Several studio insiders and corporate communications professionals have expressed their dissatisfaction with this situation.
We are, of course. Why shouldn't we do it? Even if the pandemic kept business at bay with $4.55 billion for 2021 in the United States and Canada, below the expected $5.2 billion, we still need to know where the studios stand when all the dust settles — even if the pandemic kept business at bay with $4.55 billion for 2021 in the United States and Canada, below the expected $5.2 billion.
The way the Disney-Fox merger continues to tip the scales in both a global and domestic box office race continues to upset many major studio theater executives in this annual exercise. Furthermore, different studios calculate their year-end grosses in different ways. Domestic box office was broken out by label in the early 2000s, which meant that if you had a separate marketing and distribution team that oversaw theatrical releases, you had a separate box office. For example, when Miramax was owned by Disney, Sony Classics, Warner Bros. Independent, and even Focus Features used to break out their grosses in Comscore.
Disney clearly is counting all of its labels — Disney, 20th Century Studios and Searchlight, and proclaiming itself the winner with $1.17 billion in the U.S./Canada (+180% over 2020) and $2.9 billion global. Stateside that translates into 27% of the $4.55 billion 2021 domestic B.O. year, and the town will just have to deal with that.
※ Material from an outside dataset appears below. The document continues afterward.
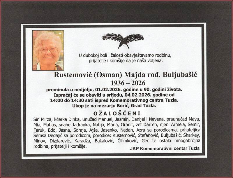 Preminula je naša sugrađanka, komšinica i prijateljica, Majda RUSTEMOVIĆ (Buljubašić). Upućujemo joj posljednji pozdrav. Slava joj i hvala. Mir duši njenoj. Laka joj bh. zemlja

Disney’s 20th Century titles — Free Guy, The King’s Man, West Side Story — are handled by the same marketing and distribution team as the big Disney titles, i.e. Shang-Chi and the Legend of the Ten Rings. Searchlight, though, has its own distribution and marketing ops. Expect Disney’s haul to be even bigger this year with Avatar 2 and Black Panther: Wakanda Forever capping off 2022.
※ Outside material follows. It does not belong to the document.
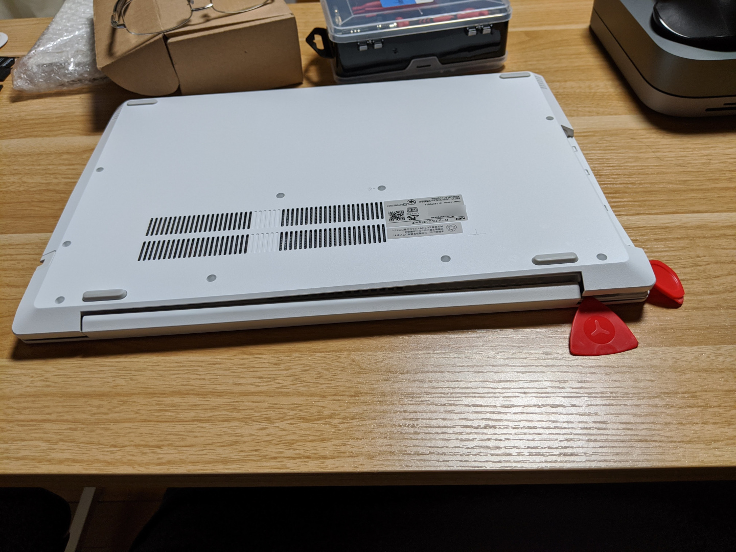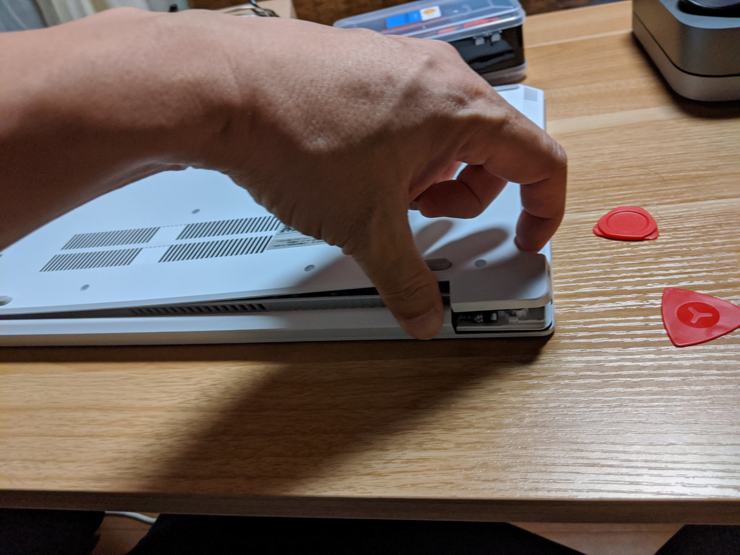 ここが一番の難関です。開腹ツールを使い裏のパネル全体をはがしていきます。液晶のヒンジ側の両端から開腹ツールを入れていき、引っ掛かっているツメを外していきます。ツメを慎重に外しながらパネルを持ち上げつつ、さらにツメを外していくとパカッと開きます。

If we're being strict and weighing domestic box office marketshare by individual studios, as we were before the 2019 merger, and going by how they're listed in Comscore, Sony can argue that they won 2021 with $1.059 billion domestic. Comscore reports this in their annual marketshare rankings, and Sony's figure excludes Sony Classics. Spider-Man: No Way Home accounted for 54 percent of Sony's annual box office, with Venom: Let There Be Carnage ($212.6M) and Ghostbusters: Afterlife ($122.3M) also contributing. Sony's funds account for 23% of the domestic B.O. in 2021. Shang-Chi, Black Widow, Eternals, and Jungle Cruise helped Disney earn $921.2 million.